Или другой документ «от Щеглова» — сообщение о ежегодных, рассчитанных вплоть до 1925 года приращениях на 50 процентов военных расходов Турции на морские вооружения, которые начались ещё в 1910 году. Это сообщение явилось совершенным откровением для Петербурга.
Судя по архивным документам, Щеглов «проигрывал» своим турецким партнёрам не только казённые суммы. И к концу своей службы, к осени 1917 года, он остался без средств. Кто помог ему? Никто.
О том, как ценили «наверху» поразительную информацию Щеглова, свидетельствует один небольшой документ. Обращение Щеглова напрямую к морскому министру И. К. Григоровичу от 26 июня 1913 года:
«В продолжение 12 месяцев итало-турецкой войны и 8 месяцев балканской нахожусь почти беспрерывно в зоне военных действий. Все чины иностранных посольств и мои коллеги по европейским военным миссиям получили 20 процентов надбавку к жалованию по вздорожанию жизни в Стамбуле. Я же — ничего, не говоря о личных пожертвованиях, от коих нельзя уклониться...» Григорович прочёл, поразмыслил, и прибавку выплатили, правда, в шесть раз меньше той, что ему полагалась.
Щеглов видел, знал и понимал в жизни Турции то, что ускользало от внимания других европейцев. Он, как никто, умел связывать воедино мозаику мелких фактов. Например, до сих пор оставалось загадкой как для современников Щеглова, так и для наших историков, почему вдруг собрался и в двадцать четыре часа покинул Турцию главный советник младотурок по военным вопросам германский генерал Е. Лиман фон Сандерс, окружённый почётом и уважением, причём вполне заслуженно. Тайну его практически бегства прояснил Щеглов в своей очередной депеше на Дворцовую, 6. Жена и дочь генерала неосмотрительно затеяли прогулку на азиатском берегу Босфора. Вдвоём, без сопровождения и охраны... Женщины были изнасилованы туземными солдатами. Эта депеша Щеглова оказалась столь высокого уровня засекречивания, что появилась на свет из хранилища только в 1992 году.
Не работой одной живёт разведчик. Были свои «внеслужебные» увлечения и у Щеглова. Касались они литературных упражнений. Две повести, новеллы, два-три неоконченных фрагмента — наследие А. Н. Щеглова из области беллетристики. И сохранились они самым удивительным образом.
В июле августе 1913 года А. Н. Щеглов был в отпуске дома, в Петербурге. Обратно в Турцию он возвращался через Англию. Почти все вещи, включая книги и рукописи неоконченных трудов (среди них были и те самые художественные труды), запаковал в чемодан и уложил в специальный ящик. По квитанции №5 032 494 Морской транспортной и страховой компании багаж был отправлен в Стамбул, на адрес русского посольства.

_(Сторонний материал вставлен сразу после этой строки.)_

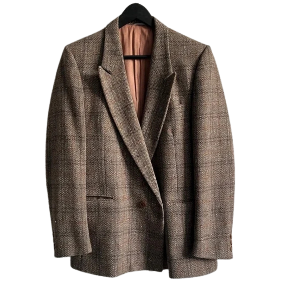 Description: Baumler Wool Silk Blazer in brown check blends traditional craftsmanship with refined texture. Made from a luxurious wool-silk blend, this blazer offers a comfortable drape and timeless elegance suitable for both formal and semi-casual occasions. A sophisticated Baumler essential in good condition.
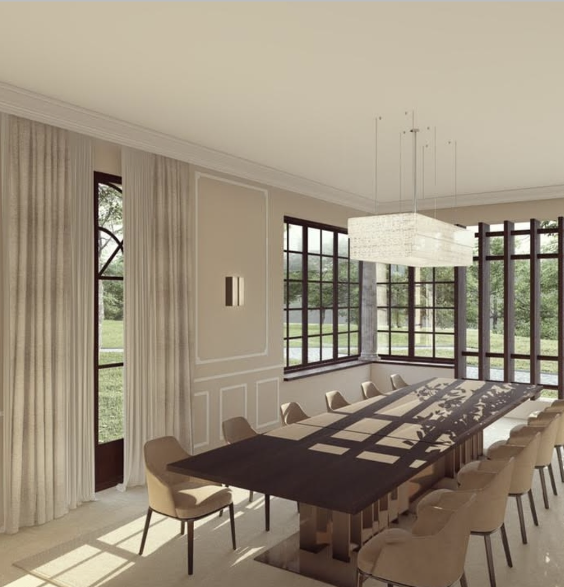 Un ambiente raffinato e luminoso, dove la luce naturale filtra attraverso le ampie vetrate valorizzando i materiali e i volumi. La sala da pranzo combina eleganza e funzionalità, con un tavolo importante e sedute confortevoli, pensati per accogliere e creare convivialità. L’equilibrio tra dettagli contemporanei e richiami classici conferma la cura del progetto in ogni elemento.

Можно представить себе изумление чинов дипломатической канцелярии морского ведомства России в Петербурге, когда через три недели после этого, 19 сентября, к ним пришёл военно-морской атташе Турции в Петербурге Ремзи-бей и вручил сильно попорченный чемодан, объяснив: это от Щеглова, из Стамбула, но пришло на его, Ремзи-бея, имя из стамбульской таможни.
В присутствии Ремзи-бея чемодан вскрыли (ящик где-то пропал). Остальное можно дополнить из рапорта на имя посла М. Н. Гирса, написанного Щегловым, который вернулся в Стамбул 1 (14) октября 1913 года и обнаружил, что, пребывая в Англии, якобы он лично умудрился переслать свой багаж обратно в Петербург, да ещё в атташат Турции.

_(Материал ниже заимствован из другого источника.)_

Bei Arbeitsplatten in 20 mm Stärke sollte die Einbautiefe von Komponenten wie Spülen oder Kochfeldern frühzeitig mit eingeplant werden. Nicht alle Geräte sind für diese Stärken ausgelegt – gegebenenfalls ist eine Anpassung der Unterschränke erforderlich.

«Никогда, — писал он, — не верил в чертовщину, но теперь займусь этим всерьёз. Вещи мои и документы в полном порядке. За исключением того, что с парадного мундира спороты две боковые пуговицы, галун расплетён, но на место уложен, а из платья недостаёт пары брюк. Да ещё пропала визитка, вложенная в прорезь чемодана, и кое-какие пустые бумажки...»
Позже на вопрос Гирса, какие именно «бумажки» пропали, он пояснил кратко: «Так, кое-какие литературные опусы...»
Посол дал делу ход; подключилось руководство разведслужбы. Но никакого объяснения этому эпизоду так никто и не дал. Зато литературные опусы Щеглова... перекочевали из турецкого атташата в Осведомительный отдел при российском разведывательном ведомстве.
Сам Щеглов этих бумаг больше не получил. Ему не довелось вернуться в Петербург — война, перевод в Румынию, затем в Стокгольм, Париж... Да и не очень это значительно — его литературные странички. Если в служебных докладах и донесениях — упругий слог, масса острых психологических оценок, чёткий, ясный и образный язык, то в повестях — совсем иное. Эти его труды — живое свидетельство того, что ни Свифта, ни Флеминга, ни Ле Карре из Щеглова не получилось.